PROBLEM TO SOLVE: Retype the data exactly, from its first line to the line containing "Ice Skater Design", including both, and skip any picture.

=== DATASET RECORDS ===

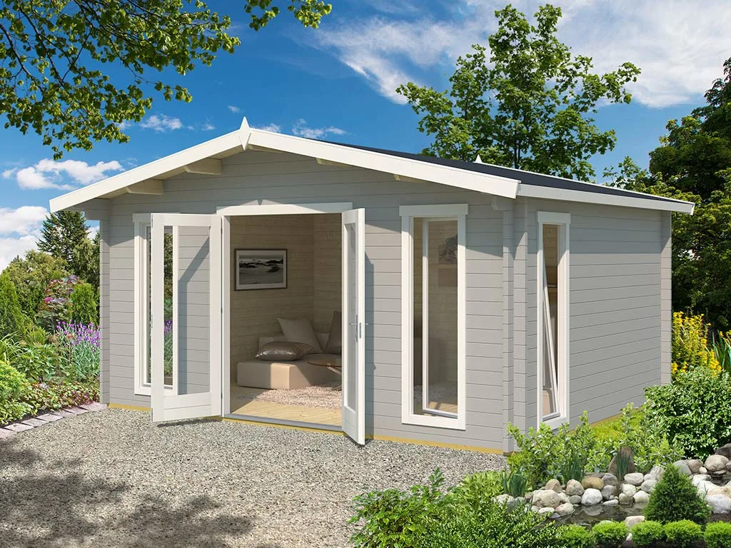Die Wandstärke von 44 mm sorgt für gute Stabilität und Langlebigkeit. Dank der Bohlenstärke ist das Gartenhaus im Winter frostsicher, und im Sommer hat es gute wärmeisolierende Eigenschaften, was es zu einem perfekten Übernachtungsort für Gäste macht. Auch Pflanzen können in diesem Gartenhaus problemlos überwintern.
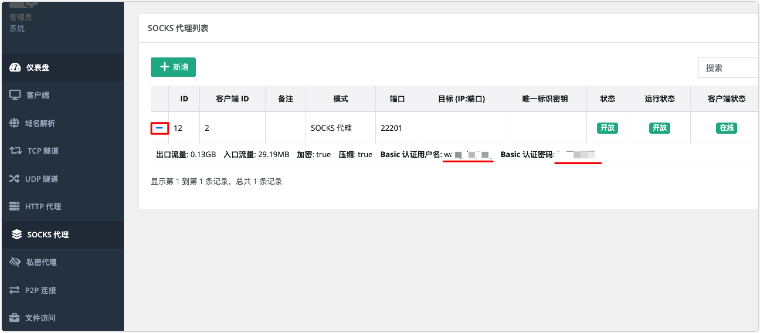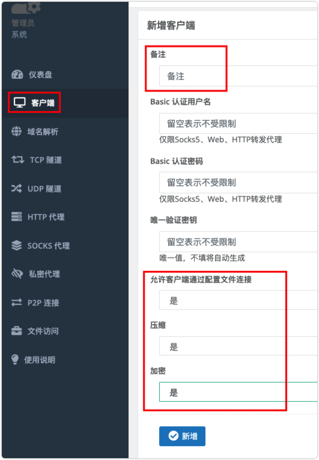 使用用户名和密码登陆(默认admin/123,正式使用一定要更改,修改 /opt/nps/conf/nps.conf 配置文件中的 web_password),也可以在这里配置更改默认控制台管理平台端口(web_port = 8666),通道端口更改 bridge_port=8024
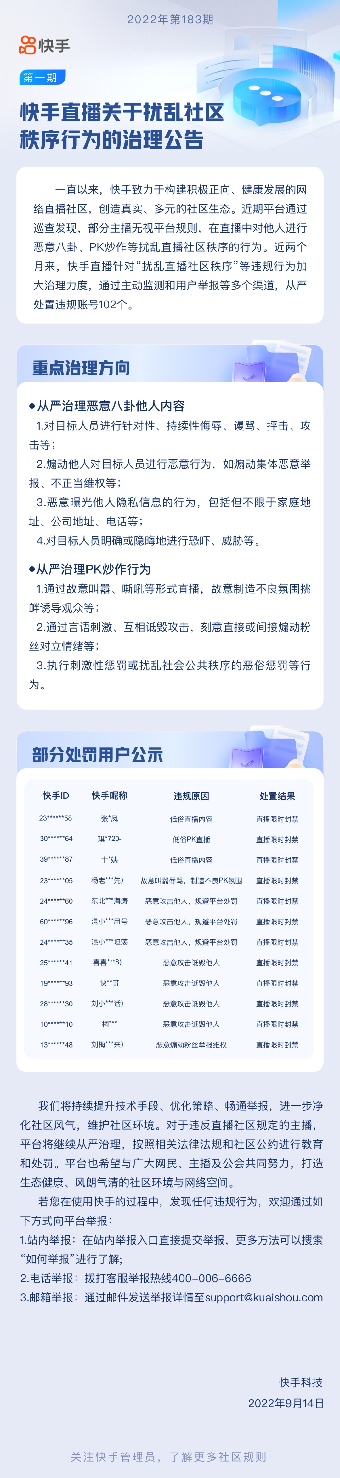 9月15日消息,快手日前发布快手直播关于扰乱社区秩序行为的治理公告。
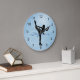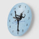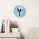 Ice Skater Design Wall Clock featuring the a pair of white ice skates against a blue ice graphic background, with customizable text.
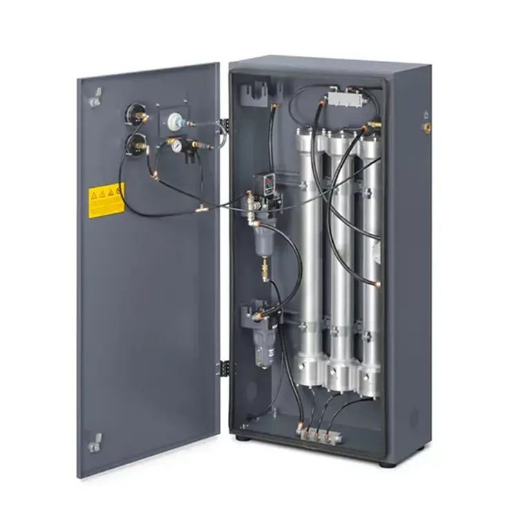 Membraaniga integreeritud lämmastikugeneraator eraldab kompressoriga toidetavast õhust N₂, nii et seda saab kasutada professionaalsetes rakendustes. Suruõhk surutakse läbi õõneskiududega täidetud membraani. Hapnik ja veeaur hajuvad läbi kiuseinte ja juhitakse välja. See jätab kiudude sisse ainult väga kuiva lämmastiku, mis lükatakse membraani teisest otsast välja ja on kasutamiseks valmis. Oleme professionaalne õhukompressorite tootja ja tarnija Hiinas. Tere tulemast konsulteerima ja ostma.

===

ANSWER BOX:
Die Wandstärke von 44 mm sorgt für gute Stabilität und Langlebigkeit. Dank der Bohlenstärke ist das Gartenhaus im Winter frostsicher, und im Sommer hat es gute wärmeisolierende Eigenschaften, was es zu einem perfekten Übernachtungsort für Gäste macht. Auch Pflanzen können in diesem Gartenhaus problemlos überwintern.
 使用用户名和密码登陆(默认admin/123,正式使用一定要更改,修改 /opt/nps/conf/nps.conf 配置文件中的 web_password),也可以在这里配置更改默认控制台管理平台端口(web_port = 8666),通道端口更改 bridge_port=8024
 9月15日消息,快手日前发布快手直播关于扰乱社区秩序行为的治理公告。
 Ice Skater Design Wall Clock featuring the a pair of white ice skates against a blue ice graphic background, with customizable text.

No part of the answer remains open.